TASK BRIEF: Each entry below should be output exactly, apart from its images.

DATA FOR ANALYSIS:
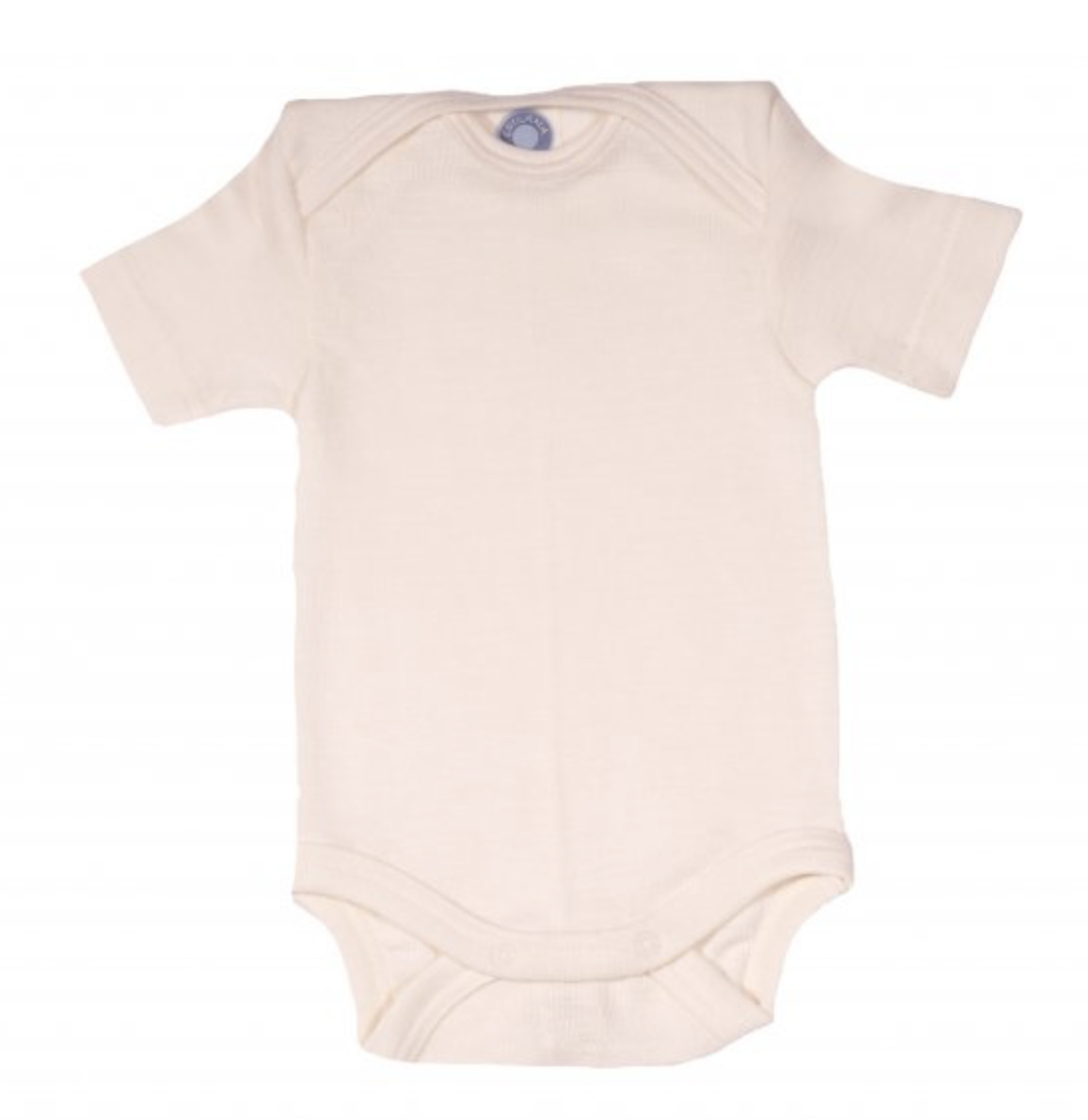 Body dziecięce z wełny merino i jedwabiu Cosilana z krótkim rękawem naturalny kremowy kolor
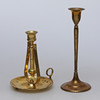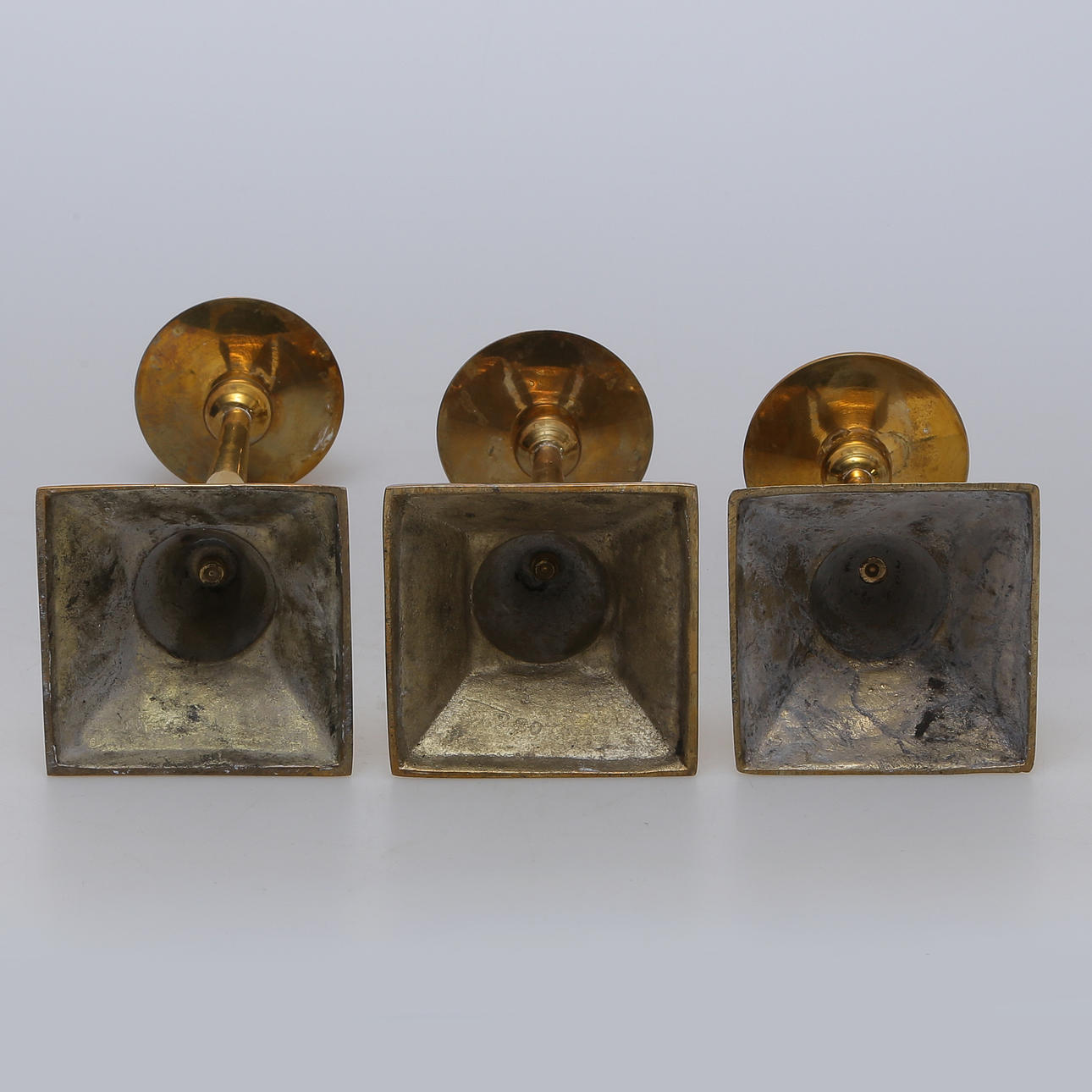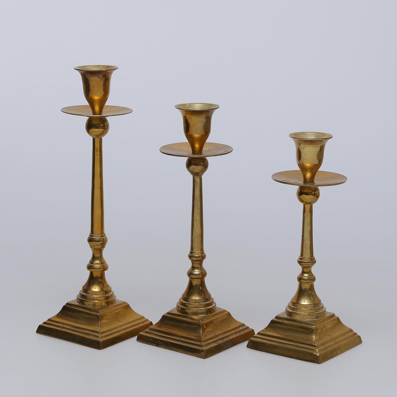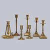 CANDLESTICKS AND CAPTAIN'S CANDLESTICK, 7 PIECES, BRASS.
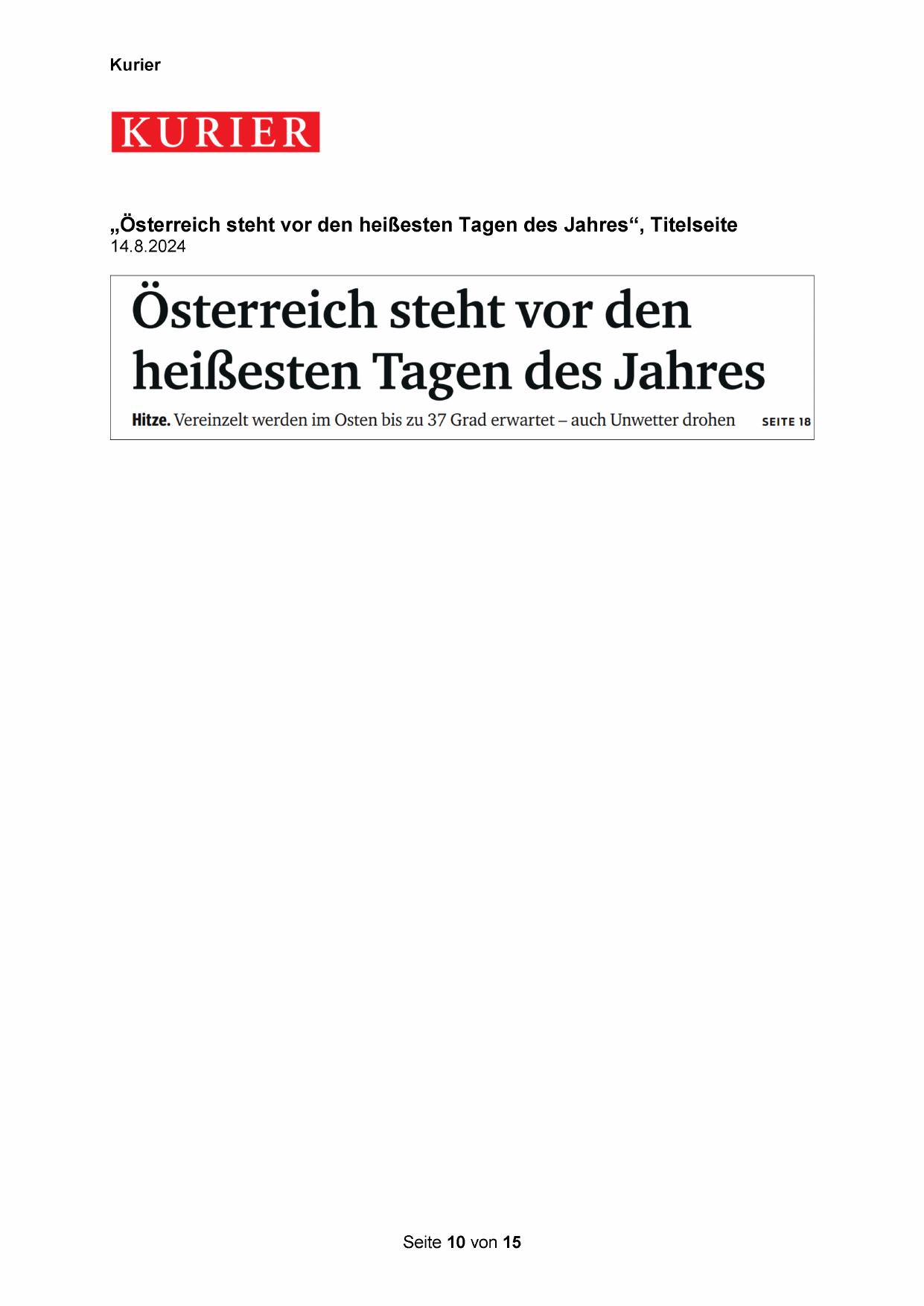 „Österreich steht vor den heißesten Tagen des Jahres“, Titelseite
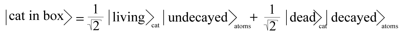 A living cat is put into a box with a radioactive source, and a radiation detector will release poison gas if a radioactive decay is detected. If the setup is designed so that there is a 50% chance that a radioactive decay occurs in a certain time, then at that time the Copenhagen interpretation of physics suggests that the cat and the radioactive source will be entangled, with a quantum state of the form
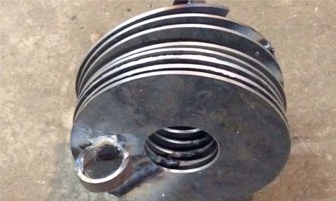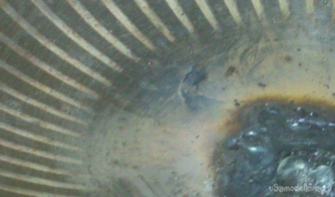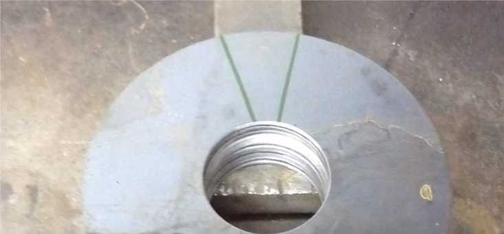 При этом выяснилось, что сваривается этот металл не особо хорошо. Пришлось сперва аккуратно наварить на самом диске расплавленного металла из электрода, а уже потом сварить этот металл с трубой.
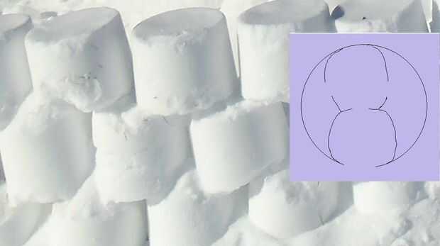 Rastrear con el arranque o con un palo un gran círculo en la nieve para establecer el patrón que seguirá para poner hacia fuera el primer nivel de las paredes de la empalizada, interiores y exteriores. Después de haber trazado el primer nivel, asegúrese de alternar los bloques (alternando como las capas de ladrillos en una pared de ladrillos) en el segundo nivel y en cada nivel posterior. Arriba es una foto de los bloques escalonados de la melcocha.
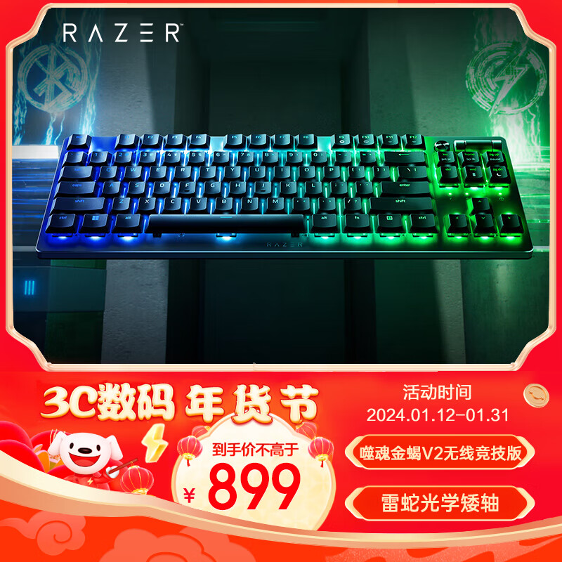 雷蛇 RAZER 噬魂金蝎V2无线竞技版 线性光学矮轴 机械键盘 RGB幻彩灯效 无线蓝牙5.0 徐大虾推荐价格:899.00元!
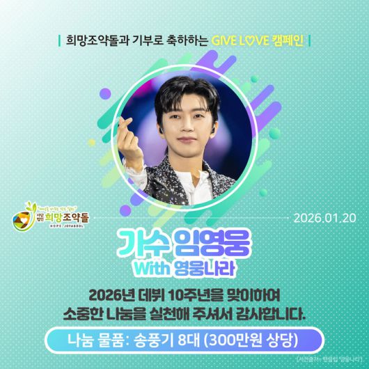 [스포츠서울 | 배우근 기자] 가수 임영웅 팬카페 ‘영웅나라’는 2026년 임영웅 데뷔 10주년을 맞아, 희망조약돌에 300만 원 상당 물품을 기부했다.
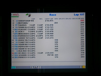 The speed trap times were: Sweatshop Phase One 232kph, Glam 225kph, Classic Racer Shop 222kph, Scuderia 217 kph, Taurus 213kph and Motobel on 209kph.

OUTPUT BELOW:
 Body dziecięce z wełny merino i jedwabiu Cosilana z krótkim rękawem naturalny kremowy kolor
 CANDLESTICKS AND CAPTAIN'S CANDLESTICK, 7 PIECES, BRASS.
 „Österreich steht vor den heißesten Tagen des Jahres“, Titelseite
 A living cat is put into a box with a radioactive source, and a radiation detector will release poison gas if a radioactive decay is detected. If the setup is designed so that there is a 50% chance that a radioactive decay occurs in a certain time, then at that time the Copenhagen interpretation of physics suggests that the cat and the radioactive source will be entangled, with a quantum state of the form
 При этом выяснилось, что сваривается этот металл не особо хорошо. Пришлось сперва аккуратно наварить на самом диске расплавленного металла из электрода, а уже потом сварить этот металл с трубой.
 Rastrear con el arranque o con un palo un gran círculo en la nieve para establecer el patrón que seguirá para poner hacia fuera el primer nivel de las paredes de la empalizada, interiores y exteriores. Después de haber trazado el primer nivel, asegúrese de alternar los bloques (alternando como las capas de ladrillos en una pared de ladrillos) en el segundo nivel y en cada nivel posterior. Arriba es una foto de los bloques escalonados de la melcocha.
 雷蛇 RAZER 噬魂金蝎V2无线竞技版 线性光学矮轴 机械键盘 RGB幻彩灯效 无线蓝牙5.0 徐大虾推荐价格:899.00元!
 [스포츠서울 | 배우근 기자] 가수 임영웅 팬카페 ‘영웅나라’는 2026년 임영웅 데뷔 10주년을 맞아, 희망조약돌에 300만 원 상당 물품을 기부했다.
 The speed trap times were: Sweatshop Phase One 232kph, Glam 225kph, Classic Racer Shop 222kph, Scuderia 217 kph, Taurus 213kph and Motobel on 209kph.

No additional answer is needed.